West Texas Intermediate crude ended Monday’s session up $1.44 a barrel, or 2.1%, to $70.13/Bbl, Kallanish Energy reports. While the contract has risen in seven of the previous 10 sessions, it has not posted a gain of more than $1/Bbl since June 27, CNBC reported.
As of Friday, WTI was down more than 7% over the last four weeks, as heavy losses in a handful of trading sessions wiped out a string of modest daily gains for the benchmark.
The contract to deliver international benchmark Brent crude for September was up 83 cents a barrel, or 1.1%, at $75.12/Bbl by 2:08 p.m. ET. The September contract expires today. Trading was heavier for the October contract, which was up 97 cents, or 1.3%, at $75.73/Bbl.
Prices got support after Saudi Arabia announced it would suspend shipments of oil through the Bab el-Mandeb Strait, after Houthi rebels in Yemen attacked a pair of oil tankers in the Red Sea. Saudi has led a military coalition against the Iran-aligned Houthis for more than three years.

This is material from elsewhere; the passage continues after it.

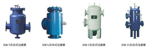 GCQ-L自潔式水過濾器濾芯采用高強度的Johnson楔形濾網,通過壓差控制、定時控制自動清洗濾芯。當過濾器內雜質積聚在濾芯表面引起進出口壓差增大到設定值,一般設定值為0.04MPa,或定時器達到預置時間時,電動控制箱發出信號,驅動反沖洗機構。

The U.S. and Iran have lately engaged in a war of words, with Iranian officials threatening to snarl oil exports in the world’s busiest region for crude shipments.
Tension is rising ahead of the first of two deadlines next week for international businesses to wind down ties with Iran under renewed U.S. sanctions.
The situation raises concerns that the world will be short of oil. Those concerns have been amplified as Canada’s Suncor Energy works to fully restore operations at its Syncrude oil sands facility in western Canada, where supplies have been disrupted by a power outage earlier this year.
“It’s just this witches’ brew of supportive factors from Iran to the Syncrude,” John Kilduff, founding partner at energy hedge fund Again Capital, told CNBC.
A Reuters survey indicates the 15-member OPEC oil cartel increased output by 70,000 barrels per day in July. That would mark a slowdown in production growth from June, when the group hiked production by 173,000 Bpd. OPEC is seeking to add supplies to the market to prevent prices from rising too quickly and denting demand.